TLDR: This research paper introduces a new method for validating data using SHACL constraints in conjunction with OWL ontologies. It addresses the semantic conflict between OWL’s open-world assumption and SHACL’s closed-world assumption by defining an “austere canonical model” and developing a rewriting technique. This technique transforms ontology rules and SHACL constraints into a new set of SHACL constraints, allowing validation against the original data using standard SHACL validators. The paper also analyzes the computational complexity, showing it’s efficient for large datasets.
Data on the web is often managed using standards like RDF, which describes information in a graph-like structure. Two crucial standards from the W3C for handling this data are the Web Ontology Language (OWL) and the Shape Constraint Language (SHACL). While both are powerful, they operate under fundamentally different assumptions, creating a significant challenge when used together.

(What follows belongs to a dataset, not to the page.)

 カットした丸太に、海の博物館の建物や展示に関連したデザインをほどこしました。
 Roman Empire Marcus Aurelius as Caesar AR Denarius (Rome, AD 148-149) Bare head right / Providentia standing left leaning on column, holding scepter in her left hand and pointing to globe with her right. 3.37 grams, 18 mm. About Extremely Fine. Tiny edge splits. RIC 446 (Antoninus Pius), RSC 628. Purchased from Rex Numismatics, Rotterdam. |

OWL is designed for inferring new facts from incomplete data. Imagine you have a database of pets, and you know “all pet birds are pets.” If your data only says “Linda has a pet bird,” OWL can infer that “Linda has a pet.” This is called the open-world assumption (OWA) – it assumes that what’s not explicitly stated might still be true. On the other hand, SHACL is used to define and validate constraints on data. For example, a SHACL constraint might say “every pet owner must have at least one pet.” SHACL operates under the closed-world assumption (CWA), meaning it assumes the data it’s given is complete, and it validates constraints based only on what’s explicitly present.
The natural question arises: how do you validate SHACL constraints when an OWL ontology might imply additional facts that aren’t directly in your data? This semantic gap is a major hurdle. For instance, if your data says “Linda has a pet bird” and your OWL ontology says “all pet birds are pets,” you’d want SHACL to validate a constraint like “Linda has a pet” even if “Linda has a pet” isn’t explicitly written down. This is precisely the problem that Anouk Oudshoorn, Magdalena Ortiz, and Mantas Å imkus from TU Wien, Austria, address in their research paper, “SHACL Validation in the Presence of Ontologies: Semantics and Rewriting Techniques.”

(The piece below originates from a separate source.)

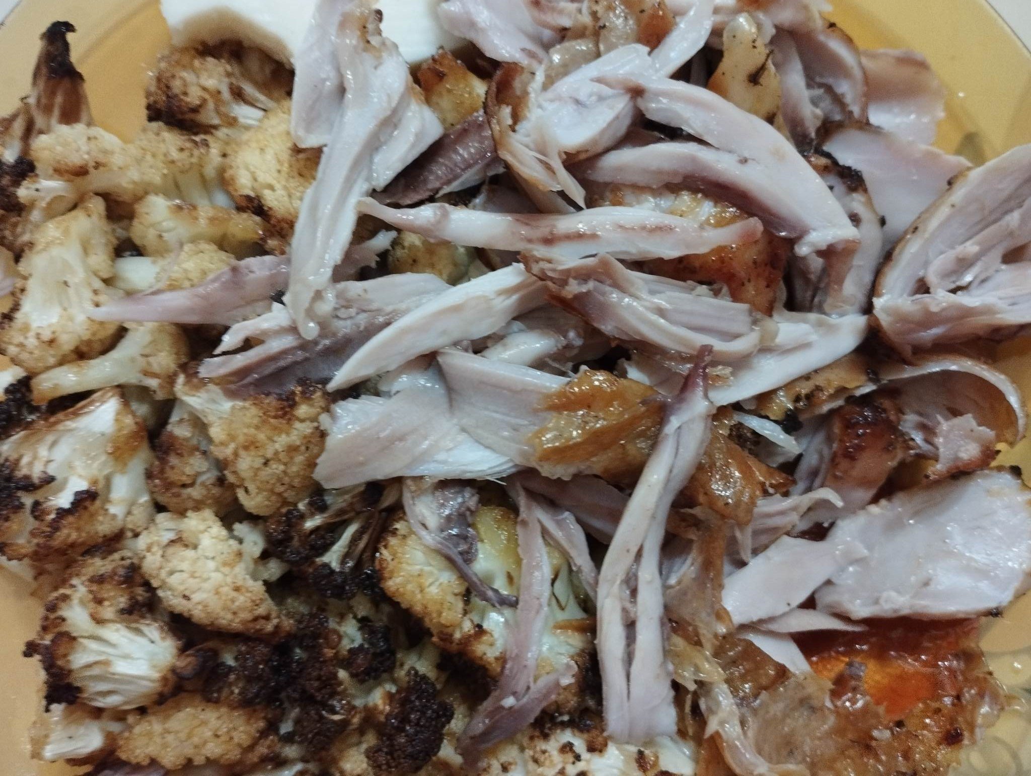 Сега фото на вечерята: пилешки бутчета+карфиол с масло на фраера. Малко и купешка майонеза хапнах с тях, знам че не е ок, но не ми се получава домашната, а зян зехтин да правя, не искам.

A New Approach to Validation
The researchers propose a novel semantics for SHACL validation in the presence of ontologies, based on what they call “core universal models.” Think of a universal model as a comprehensive version of your data, where all facts implied by the OWL ontology have been made explicit. However, simply adding all possible implied facts can lead to issues, especially with SHACL’s negation features. The paper introduces the “austere canonical model,” a special kind of universal model that is “minimal” – it avoids introducing any redundant structures or unnecessary facts. This minimality is crucial for ensuring that SHACL’s closed-world assumptions work intuitively with OWL’s open-world inferences.
To make this practical, the paper develops a “rewriting technique.” Instead of actually constructing this potentially infinite austere canonical model, the technique transforms the original SHACL constraints and the OWL ontology rules into a new set of SHACL constraints. These new constraints can then be validated directly against the original (or a slightly enriched) data graph. This is a significant breakthrough because it allows developers to reuse existing, standard SHACL validators, avoiding the need for specialized tools that can handle the complex interplay between OWL and SHACL.
Also Read:
- A New Approach to Learning Logical Rules with Minimum Message Length
- Boosting Efficiency in Learning Logic Programs
Handling Complex Constraints and Practicality
The research extends its rewriting technique to “stratified SHACL,” a fragment of recursive SHACL that allows for negation and recursion in a controlled manner. This ensures that the approach can handle more sophisticated validation scenarios. The core idea is to process constraints in “strata” or layers, ensuring that negative conditions are evaluated based on what’s already known from earlier layers.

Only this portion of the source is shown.